Clinical Trial Summary

This single-center, open-label study will investigate RO7033877 concentrations in plasma and in various lung compartments, including epithelial lining fluid (ELF), and alveolar macrophages (AM) in healthy volunteers after multiple intravenous (IV) administration. Bronchoscopy will be performed after the start of the last infusion on Day 3 at different timepoints. Blood, urine and brochoalveolar lavage samples will be collected to determine RO7033877 concentrations.
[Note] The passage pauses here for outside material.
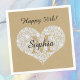 Any Birthday, Diamond Heart, Gold Monogram, Name Napkin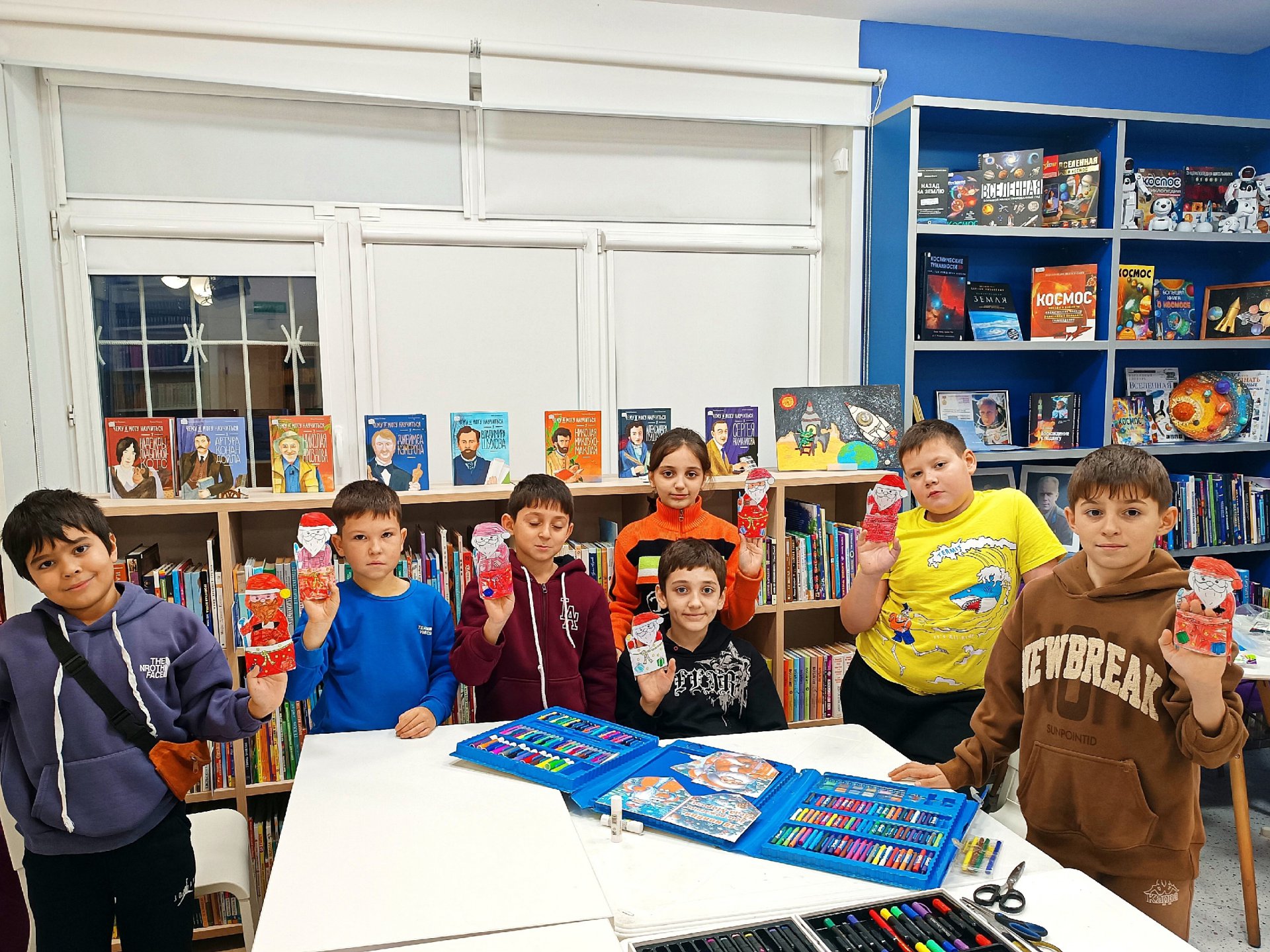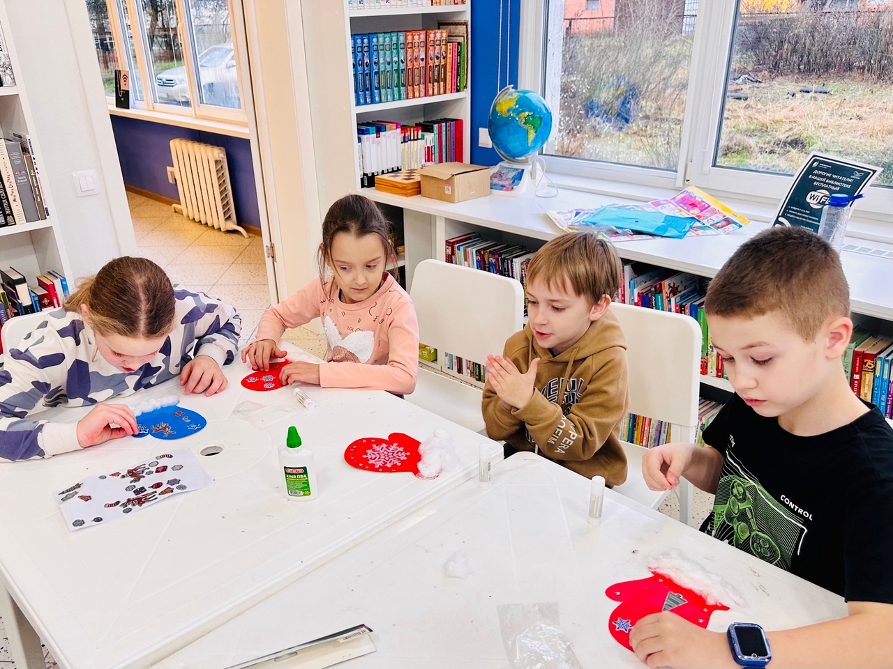 После интеллектуальных баталий юные читатели погрузились в мир творчества. Кто-то смастерил уникальные варежки, а кто-то принялся за создание объемной фигурки Деда Мороза, раскрашивая детали и собирая их в единое целое. Атмосфера была волшебной: смех, обсуждения и фантазия помогли сделать настоящие шедевры.

The anticipated time on study treatment is 3 days.

Recruitment information / eligibility

• Status: Completed
• Enrollment: 32
• Est. completion date: September 2014
• Est. primary completion date: September 2014
• Accepts healthy volunteers: Accepts Healthy Volunteers
• Gender: Both
• Age group: 18 Years to 55 Years

Eligibility

Inclusion Criteria:

• Male or female healthy volunteers, 18 to 55 years of age, inclusive. A female participant is eligible to participate if she is of non-childbearing potential defined as postmenopausal or surgically sterile

• Healthy status is defined by absence of evidence of any active or chronic disease following a detailed medical and surgical history, a complete physical examination including vital signs, 12-lead electrocardiogram (ECG), hematology, blood chemistry, serology and urinalysis

• Body mass index (BMI) between 18 and 30 kg/m2 inclusive

• Nonsmokers

• Healthy male volunteers with female partners of childbearing potential must use adequate contraception methods

Exclusion Criteria:

• Evidence of active chronic disease

• Regular consumption of drugs of abuse

• Infection with human immunodeficiency virus (HIV), hepatitis B (HBV), or hepatitis C (HCV)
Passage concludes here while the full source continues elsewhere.